Gold price wobbles, but Deutsche Bank sticks to its $1,700 forecast
New York (Aug 30) This year’s investment darling, gold, is finding that investors are a fickle bunch. It’s heading for one of the longest wilting streaks since May – a five-day fall.
And why? Well, Federal Reserve chair Janet Yellen said last week that the case for a US rate increase has strengthened. Yellen comments hit gold as rate-futures re-price
And the markets are going with her.
The odds of a September rate rise have risen to 42%, from 22% a week ago, according to Bloomberg. The odds of a December hike are now 65%.
Higher US rates make the oldest haven less attractive in two ways. Or so the theory goes. Inflation is curbed, so its hedging properties are less in demand. Higher rates should also mean higher yields. And gold famously yields nothing.
So far so bad. And yet Deutsche Bank’s commodity team is sticking with its view that gold should be worth $1,700 an ounce.
Analysts Michael Hsueh and Grant Sporre argue that the balance sheets of the main four central banks (the US, China, Japan, eurozone) have expanded by 300% since the beginning of 2005.
But are US rates what they used to be for the metal?

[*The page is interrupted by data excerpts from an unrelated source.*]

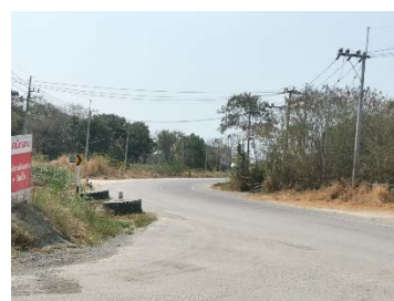
ทางหลวงหมายเลข 3144
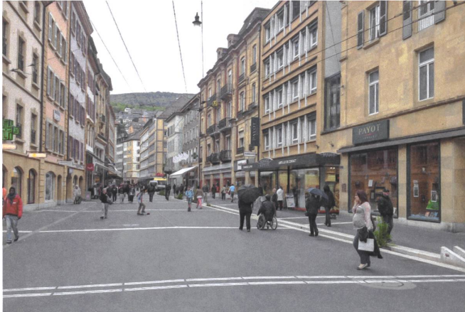
In Neuenburg hat man die Rue du Seyon von Fassade zu Fassade neu gestaltet; ein Bach verläuft wieder unter freiem Himmel.
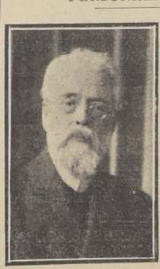
Don Federico Puga Borne

En la madrugada de hoy dejó de existir en esta capital el doctor don Federico Puga Borne, conocido hombre de ciencias, personalidad de gran prestigio en los círculos políticos del país y estrechamente vinculado a nuestra sociedad.
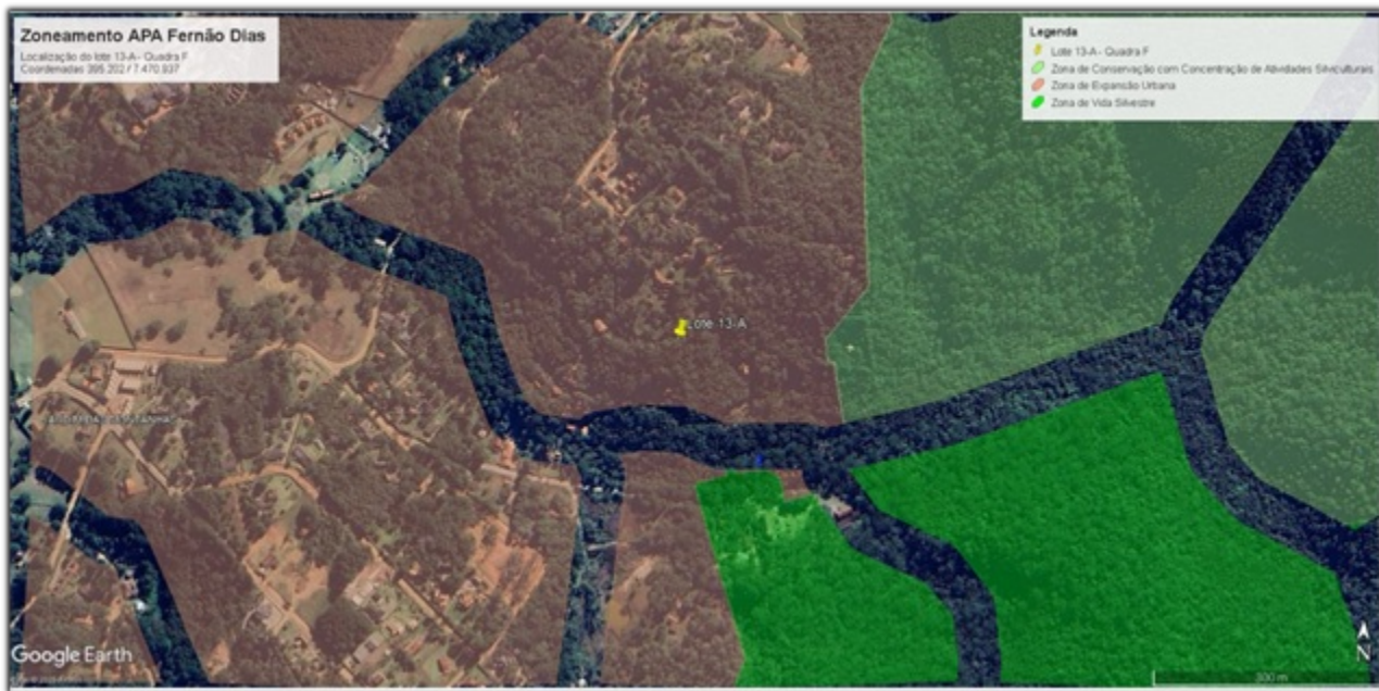
FIGURA 9: Mapa do Zoneamento Ambiental da APA Fernão Dias e a localização do Lote n.º 13-A da quadra F, situado à Rua Nogueira no Loteamento Jardim da Represa, Distrito Monte Verde, Camanducaia/MG.

O Lote n°. 13-A da quadra F, está localizado dentro da Zona de Expansão Urbana (ver imagem abaixo com os limites do Zoneamento da APA Fernão Dias) do município de Camanducaia/MG, portanto a intervenção ambiental em 165 m 2 está inserida na Zona de Expansão Urbana da APA Fernão Dias. Ressalta-se que este local teve seu zoneamento ambiental alterado na última revisão realizada pelo órgão ambiental IEF.
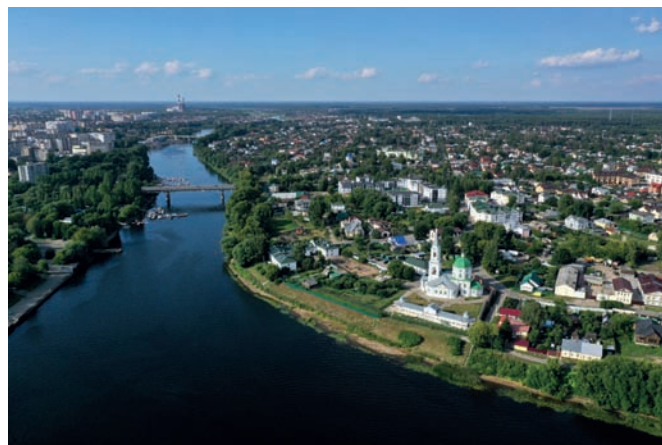
Рис. 2. Тверь. Территория Екатерининского монастыря в Затверечье на мысу в устье реки Тверцы. Вид с юго-востока. Август 2022 года
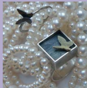
Annette Boonzaaijer Skulp www.skulp.nl
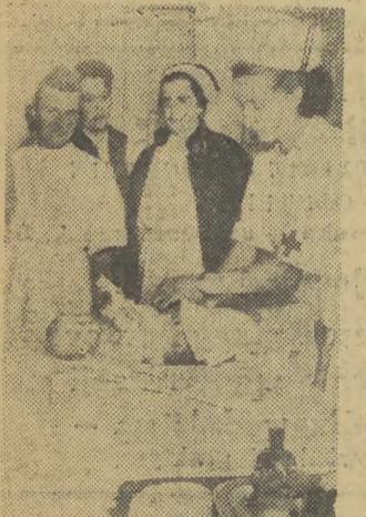
W sali pokazowej PCH urządzono wystawę obrządzoną higieniczne wychowanie dziecka. Na zdjęciu pielęgniarka przewija celulozowe niemowlę.
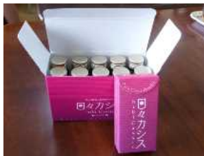
カシスドリンク、顆粒

自ら生産したカシスを使用した加工品（顆粒、ドリンク）を開発し、インターネット販売及び委託販売等に取り組むことで、オリジナルブランド化を進めるとともに、高付加価値化を実現することにより、障がい者の就労支援事業における農業経営の改善を図る。
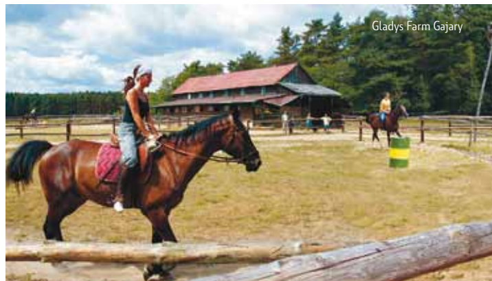
Gladys Farm Gajary
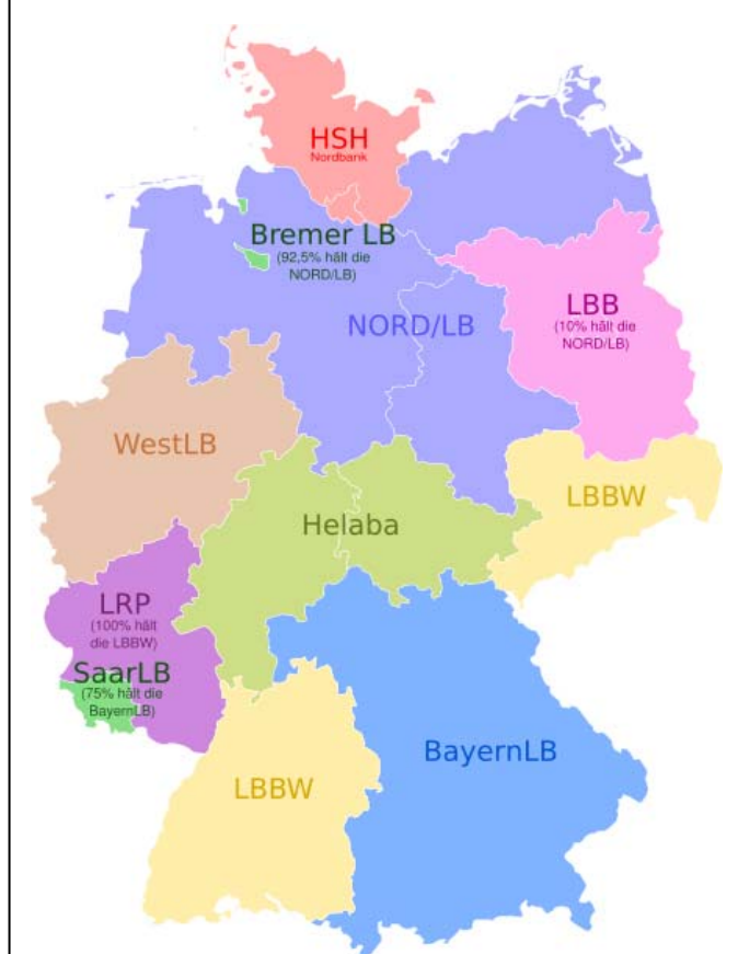
Grafik 1: Landesbanken in Deutschland

Die Landesbanken sind meistens gemeinsames Eigentum der jeweiligen Bundesländer und der regionalen Sparkassenverbände, dabei gibt es aber regionale Unterschiede. So haben die Länder Rheinland-Pfalz, Mecklenburg-Vorpommern, Sachsen, Brandenburg und Berlin inzwischen keinerlei Anteil an einer Landesbank mehr. Berlin stellt eine besondere
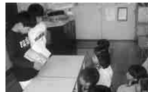
「読書活動・読み聞かせ」をしています

【創立130周年記念】 記念事業として、「バザー」「祝つ会」「記念誌発行」等を予定しています。PTAを中心に、実行委員会を組織して取り組んでいきますが、バザーは6月28日に、「祝つ会」は9月19日に実施し、子ども達にはその中で活躍する場を設定したいと考えています。
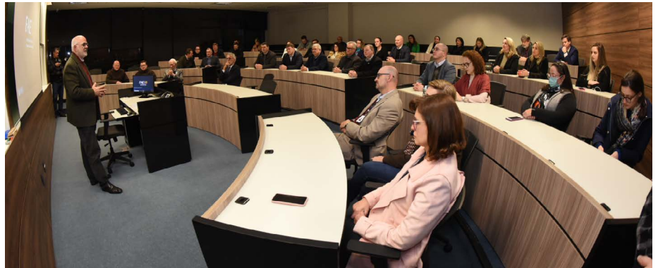
Cerimônia de lançamento do projeto Consultoria Solidária aconteceu na FAE Business School

O Projeto idealizado pela FAE em parceria com a Fecomércio PR e Sebrae/PR tem como objetivo levar consultoria gratuita de gestão aos empreendedores do comércio para melhorarem os resultados de seus negócios.
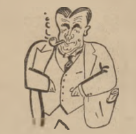
BALDWIN, szef Rządu angielskiego.

This may matter more than US rates.
“If we were to assume that the value of gold should appreciate to keep the overall value of the big four aggregate balance sheet equivalent to that of the value of the above-ground gold stocks, then it should be trading closer to $1,700 an ounce,” the analysts write.
All up, there is some comfort for gold bugs here.
“Our conclusion however is that as long as the central banks’ balance sheets continue to expand, the gold price should maintain some momentum,” the Deutsche analysts write.
Even if the Fed does raise interest rates once, other central banks are nowhere near doing do.
The Bank of Japan, the European Central Bank, the People’s Bank of China and the Bank of England will all undertake further stimulus, analysts think. In Australia and New Zealand rates are expected to inch lower. And they are at record lows already.
If Deutsche is right, then a Fed move will see the precious metal struggle. But a major selloff is unlikely.